BRIEF: Beneath this line is the data. Output exactly the lines from the line with "23일 오후 방송된 tvN" to the line with "In our system", both ends included, and nothing more.

DATA FOR THIS EXERCISE:
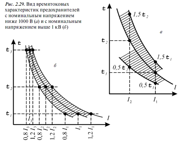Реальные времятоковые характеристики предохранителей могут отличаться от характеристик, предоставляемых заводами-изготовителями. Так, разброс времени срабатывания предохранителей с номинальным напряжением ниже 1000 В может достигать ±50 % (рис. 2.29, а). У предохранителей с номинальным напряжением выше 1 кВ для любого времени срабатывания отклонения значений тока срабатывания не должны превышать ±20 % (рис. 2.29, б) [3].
==
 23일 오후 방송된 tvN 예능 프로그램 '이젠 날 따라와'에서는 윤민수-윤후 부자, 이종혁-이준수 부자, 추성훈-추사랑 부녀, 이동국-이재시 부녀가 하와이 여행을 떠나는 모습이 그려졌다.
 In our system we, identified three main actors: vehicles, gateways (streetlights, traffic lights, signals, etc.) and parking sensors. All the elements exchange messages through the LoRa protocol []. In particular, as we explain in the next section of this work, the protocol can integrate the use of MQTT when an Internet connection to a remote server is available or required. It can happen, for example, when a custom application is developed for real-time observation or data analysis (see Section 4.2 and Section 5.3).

OUTPUT FOR THIS EXERCISE:
 23일 오후 방송된 tvN 예능 프로그램 '이젠 날 따라와'에서는 윤민수-윤후 부자, 이종혁-이준수 부자, 추성훈-추사랑 부녀, 이동국-이재시 부녀가 하와이 여행을 떠나는 모습이 그려졌다.
 In our system we, identified three main actors: vehicles, gateways (streetlights, traffic lights, signals, etc.) and parking sensors. All the elements exchange messages through the LoRa protocol []. In particular, as we explain in the next section of this work, the protocol can integrate the use of MQTT when an Internet connection to a remote server is available or required. It can happen, for example, when a custom application is developed for real-time observation or data analysis (see Section 4.2 and Section 5.3).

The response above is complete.